Abstract
Malignancy in heart transplant recipients is a grave complication. Post-transplant lymphoproliferative disorder (PTLD) is the second most common tumour in adults and commonest in children. The incidence varies with the transplanted organ from 1 to 2% following kidney transplantation to as high as 10% following thoracic organ transplantation due to different immunosuppression intensity. PTLD include a wide spectrum of diseases ranging from benign proliferation of lymphoid tissue to frank malignancy with aggressive behaviour (lymphoma). Epstein-Barr virus (EBV) infection and prolonged immunosuppressant therapy are implicated in the pathogenesis of PTLD. The incidence of PTLD varies from 2.6% at 1 year to 28% at 10 years post-transplant. Seronegativity for EBV in recipients with seropositive donors increases the risk of PTLD in recipients. The majority of early-onset PTLDs (85%) are of B-cell origin and associated with EBV. Timely and accurate diagnosis with histological examination of lymphoid tissue is essential for early intervention. Reduction of immunosuppressive therapy (IST) and rituximab usually are effective in remission of PTLD. In resistant cases, chemotherapy is given with or without rituximab. Adoptive T-cell transfer represents a promising therapeutic approach. Early PTLD respond well to lowering immunosuppression and has a favourable prognosis compared to late PTLD. Five-year survival is 30% for high-grade lymphomas. The prognosis of EBV-negative lymphomas is worse. One out of 40 heart transplant recipients followed up in our centre developed PTLD. He was treated to remission and we describe this case here.

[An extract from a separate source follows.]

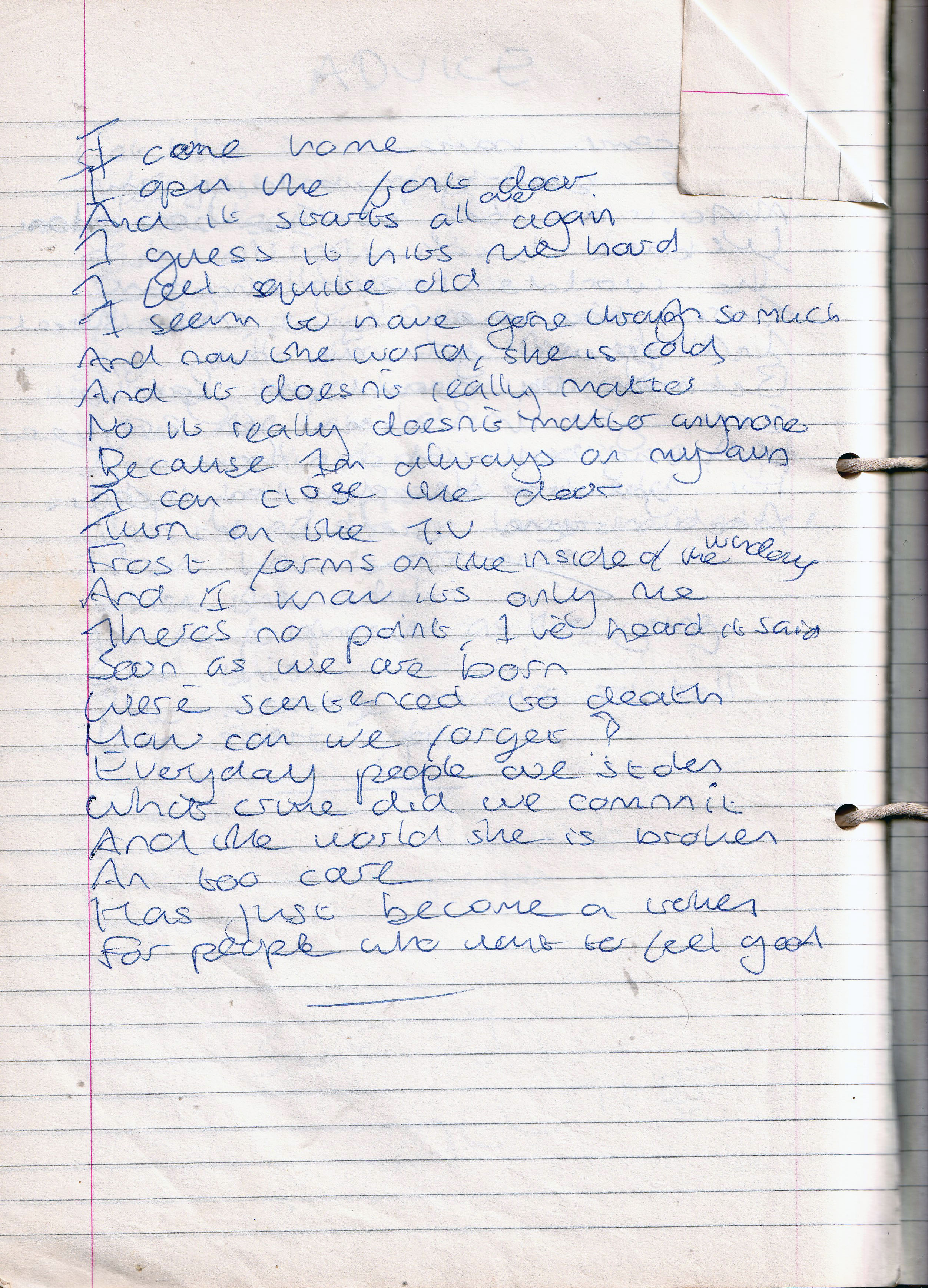 I Come Home – Written Tuesday 15th February 1994 and October 1994 (Aged 18/19)

Keywords: Post-transplant lymphoproliferative disorder (PTLD), Heart transplant, Immunosuppressive therapy, Epstein-Barr Virus
Introduction
Post-transplant lymphoproliferative disorder (PTLD) is a life-threatening complication in heart transplant recipients (HTRs), a consequence of long-term immunosuppressant therapy (IST). Immunosuppressant drugs impair immune response against malignant cells and oncogenic viruses, thereby predisposing the transplant recipients to cancer [1, 2]. The chance of developing cancer in post-transplant patients is 3 to 4 times more than the age-matched controls in the general population [3]. The incidence of PTLD increases with time, affecting 28% of HTRs 10 years post-transplant, but high-grade lymphomas are seen in 1.8% [4]. PTLD is a serious complication leading to high mortality in HTRs [5, 6]. Two main aetiologies of PTLD are Epstein-Barr virus (EBV) infection and prolonged immunosuppression [1, 2, 7, 8].
The symptoms are nonspecific like fever, weight loss, anorexia, and night sweats which may be confused with allograft rejection or infections. A high index of suspicion leads to early diagnosis and treatment of PTLD. Confirmation of diagnosis is done from lymphoid tissue biopsy, and quantitative estimation of EBV deoxyribonucleic acid (DNA) from blood reversed transcriptase polymerised chain reaction (RT-PCR) [1, 8–10]. Reduction and modification of IST is the cornerstone of treatment [1, 2, 7–9]. Cluster of differentiate (CD)20 monoclonal antibody (rituximab) therapy combined with reduction of IST achieves remission of the disease [1, 7, 8]. In resistant high-grade lymphomas, chemotherapy is required in addition to the above treatment modalities [1, 8]. The most important challenge is to balance between the reduced immunosuppressive drug levels and avoiding allograft rejection which can cause sudden death. One of our HTRs, now 5.5 years post heart transplant, developed PTLD and we could treat him successfully to remission and this case is described here.
Case report
A 22-year-old male diagnosed with dilated cardiomyopathy was under treatment for advanced heart failure in our coronary care unit. He suffered refractory cardiac arrest, and was resuscitated with veno-arterial extracorporeal membrane oxygenation (ECMO). He was bridged with ECMO to heart transplantation (HTx) in February 2017 and recovered. He was on maintenance IST with tacrolimus, mycophenolate mofetil (MMF), and prednisolone. Our immunosuppressive regime is triple therapy (tacrolimus, MMF, and prednisolone) as maintenance for all our HTRs in accordance with the International Society for Heart and Lung Transplantation (ISHLT) guidelines and we do not use induction agents for our patients. He has been on regular follow-up since the last 5.5 years. He has not encountered allograft rejection on surveillance endomyocardial biopsy (EMB) and he has good biventricular function on echocardiogram to date. Our EMB protocol is 1st biopsy at 2 weeks after heart transplant (before hospital discharge) and subsequent biopsies are done at 3 months, 6 months, 1 year, and then yearly. Any further EMB is done if the patient presents with clinical features of heart failure and/or ventricular dysfunction on echocardiography.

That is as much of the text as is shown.